Ketua Majelis Ulama Indonesia Kabupaten Sampang, Bukhori Maksum, menyambut baik keputusan Tajul Muluk dan para pengikutnya.
Ia menolak pernyataan jika negara disebut abai dan lemah dalam mencari solusi atas warga Syiah tersebut.
Bukhori menambahkan, ia belum bisa berkomentar mengenai masa depan mereka sampai ada kesepakatan bersama antara pemerintah daerah, tokoh masyarakat dan ulama di Sampang.
Sekitar delapan tahun berjuang dalam pengungsian, Tajul Muluk alias Ali Murtadho dan mayoritas pengikutnya memutuskan untuk meninggalkan keyakinan mereka dan kembali ke ajaran Aswaja yang dipeluk mayoritas masyarakat Islam Indonesia.
Saat ditanya alasannya, Tajul Muluk menjawab, “Ini tanggung jawab saya sebagai orang yang dipercaya saudara-saudara yang lain yang ikut saya. Ketika saya mau menemukan bukti maka saya harus memberi tahu bahwa benar apa adanya seperti yang dikeluarkan MUI.”
“Kami ingin kembali ke jalan yang kami anggap jalan terbaik untuk saya, saudara saya, dan keyakinan kami. Masalah kami nanti bisa pulang atau tidak, itu bukan prioritas kami,” kata Tajul.
Mengapa butuh waktu hingga delapan tahun untuk kembali menganut Sunni, alasanTajul karena proses pencarian dan menerima tidak instan.
“Kami belum punya bukti dan kami anggap semua itu masih isu. Lalu kami pelajari perlahan-lahan, banyak membaca dan mendengar dari banyak sumber, dan akhirnya kami memberikan keputusan untuk kembali,” jelasnya.
Tajul menambahkan, keputusan ini telah disampaikan secara terbuka kepada Pemda Sampang dan aparat terkait sejak Maret lalu. Namun rencana untuk kembali ke ajaran Aswaja sudah muncul sejak dua tahun lalu.

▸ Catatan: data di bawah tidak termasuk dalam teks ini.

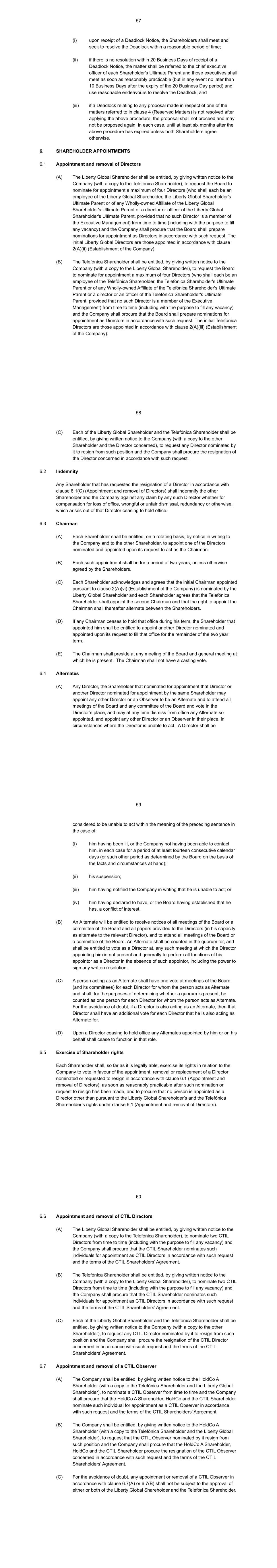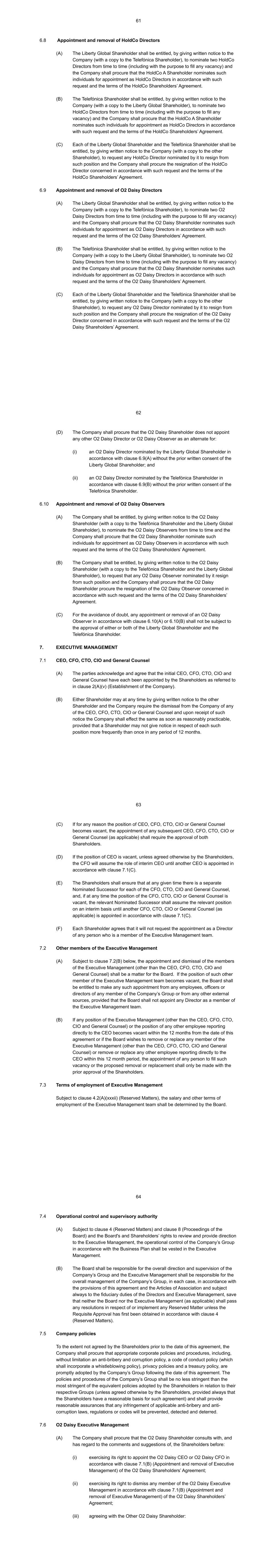 61 6.8 Appointment and removal of HoldCo Directors (A) The Liberty Global Shareholder shall be entitled, by giving written notice to the Company (with a copy to the Telefónica Shareholder), to nominate two HoldCo Directors from time to time (including with the purpose to fill any vacancy) and the Company shall procure that the HoldCo A Shareholder nominates such individuals for appointment as HoldCo Directors in accordance with such request and the terms of the HoldCo Shareholders’ Agreement. (B) The Telefónica Shareholder shall be entitled, by giving written notice to the Company (with a copy to the Liberty Global Shareholder), to nominate two HoldCo Directors from time to time (including with the purpose to fill any vacancy) and the Company shall procure that the HoldCo A Shareholder nominates such individuals for appointment as HoldCo Directors in accordance with such request and the terms of the HoldCo Shareholders’ Agreement. (C) Each of the Liberty Global Shareholder and the Telefónica Shareholder shall be entitled, by giving written notice to the Company (with a copy to the other Shareholder), to request any HoldCo Director nominated by it to resign from such position and the Company shall procure the resignation of the HoldCo Director concerned in accordance with such request and the terms of the HoldCo Shareholders’ Agreement. 6.9 Appointment and removal of O2 Daisy Directors (A) The Liberty Global Shareholder shall be entitled, by giving written notice to the Company (with a copy to the Telefónica Shareholder), to nominate two O2 Daisy Directors from time to time (including with the purpose to fill any vacancy) and the Company shall procure that the O2 Daisy Shareholder nominates such individuals for appointment as O2 Daisy Directors in accordance with such request and the terms of the O2 Daisy Shareholders’ Agreement. (B) The Telefónica Shareholder shall be entitled, by giving written notice to the Company (with a copy to the Liberty Global Shareholder), to nominate two O2 Daisy Directors from time to time (including with the purpose to fill any vacancy) and the Company shall procure that the O2 Daisy Shareholder nominates such individuals for appointment as O2 Daisy Directors in accordance with such request and the terms of the O2 Daisy Shareholders’ Agreement. (C) Each of the Liberty Global Shareholder and the Telefónica Shareholder shall be entitled, by giving written notice to the Company (with a copy to the other Shareholder), to request any O2 Daisy Director nominated by it to resign from such position and the Company shall procure the resignation of the O2 Daisy Director concerned in accordance with such request and the terms of the O2 Daisy Shareholders’ Agreement. 62 (D) The Company shall procure that the O2 Daisy Shareholder does not appoint any other O2 Daisy Director or O2 Daisy Observer as an alternate for: (i) an O2 Daisy Director nominated by the Liberty Global Shareholder in accordance with clause 6.9(A) without the prior written consent of the Liberty Global Shareholder; and (ii) an O2 Daisy Director nominated by the Telefónica Shareholder in accordance with clause 6.9(B) without the prior written consent of the Telefónica Shareholder. 6.10 Appointment and removal of O2 Daisy Observers (A) The Company shall be entitled, by giving written notice to the O2 Daisy Shareholder (with a copy to the Telefónica Shareholder and the Liberty Global Shareholder), to nominate the O2 Daisy Observers from time to time and the Company shall procure that the O2 Daisy Shareholder nominate such individuals for appointment as O2 Daisy Observers in accordance with such request and the terms of the O2 Daisy Shareholders’ Agreement. (B) The Company shall be entitled, by giving written notice to the O2 Daisy Shareholder (with a copy to the Telefónica Shareholder and the Liberty Global Shareholder), to request that any O2 Daisy Observer nominated by it resign from such position and the Company shall procure that the O2 Daisy Shareholder procure the resignation of the O2 Daisy Observer concerned in accordance with such request and the terms of the O2 Daisy Shareholders’ Agreement. (C) For the avoidance of doubt, any appointment or removal of an O2 Daisy Observer in accordance with clause 6.10(A) or 6.10(B) shall not be subject to the approval of either or both of the Liberty Global Shareholder and the Telefónica Shareholder. 7. EXECUTIVE MANAGEMENT 7.1 CEO, CFO, CTO, CIO and General Counsel (A) The parties acknowledge and agree that the initial CEO, CFO, CTO, CIO and General Counsel have each been appointed by the Shareholders as referred to in clause 2(A)(v) (Establishment of the Company). (B) Either Shareholder may at any time by giving written notice to the other Shareholder and the Company require the dismissal from the Company of any of the CEO, CFO, CTO, CIO or General Counsel and upon receipt of such notice the Company shall effect the same as soon as reasonably practicable, provided that a Shareholder may not give notice in respect of each such position more frequently than once in any period of 12 months. 63 (C) If for any reason the position of CEO, CFO, CTO, CIO or General Counsel becomes vacant, the appointment of any subsequent CEO, CFO, CTO, CIO or General Counsel (as applicable) shall require the approval of both Shareholders. (D) If the position of CEO is vacant, unless agreed otherwise by the Shareholders, the CFO will assume the role of interim CEO until another CEO is appointed in accordance with clause 7.1(C). (E) The Shareholders shall ensure that at any given time there is a separate Nominated Successor for each of the CFO, CTO, CIO and General Counsel, and, if at any time the position of the CFO, CTO, CIO or General Counsel is vacant, the relevant Nominated Successor shall assume the relevant position on an interim basis until another CFO, CTO, CIO or General Counsel (as applicable) is appointed in accordance with clause 7.1(C). (F) Each

“Kami butuh proses panjang, tidak segampang itu meyakinkan teman-teman, karena ini menjadi sebuah keyakinan,” kata Tajul.
“Sekarang ini sudah menjadi kesepakatan bersama kami. Tidak ada tekanan dan tertekan karena ini inisiatif saya sendiri,” kata Tajul saat ditanya apakah ada tekanan dalam mengambil keputusan.
Apakah ada pengikutnya yang kecewa dengan keputusan ini, Tajul mengiyakan karena ada dari mereka yang telah berkorban nyawa, harta, terluka fisik hingga dipenjara.
“Sudah ada 80% yang siap [dibaiat], dan rencananya di Sampang, waktunya belum ditentukan tergantung Bapak Bupati,” ujar Tajul.
Tajul berharap agar ia dan pengikutnya yang mengungsi dari Sampang dapat kembali ke Madura.
“Ke depan semua bisa selesai, yang terputus bisa tersambung, dan yang rusak bisa diperbaiki, itu saja,” tutupnya.
Ormas Syiah di Indonesia, Ahlul Bait Indonesia (ABI) melihat keputusan yang diambil Tajul Muluk merupakan hal yang wajar karena merupakan bentuk kebebasan beragama. Ia berharap jika keputusan tersebut diambil bukan karena adanya tekanan.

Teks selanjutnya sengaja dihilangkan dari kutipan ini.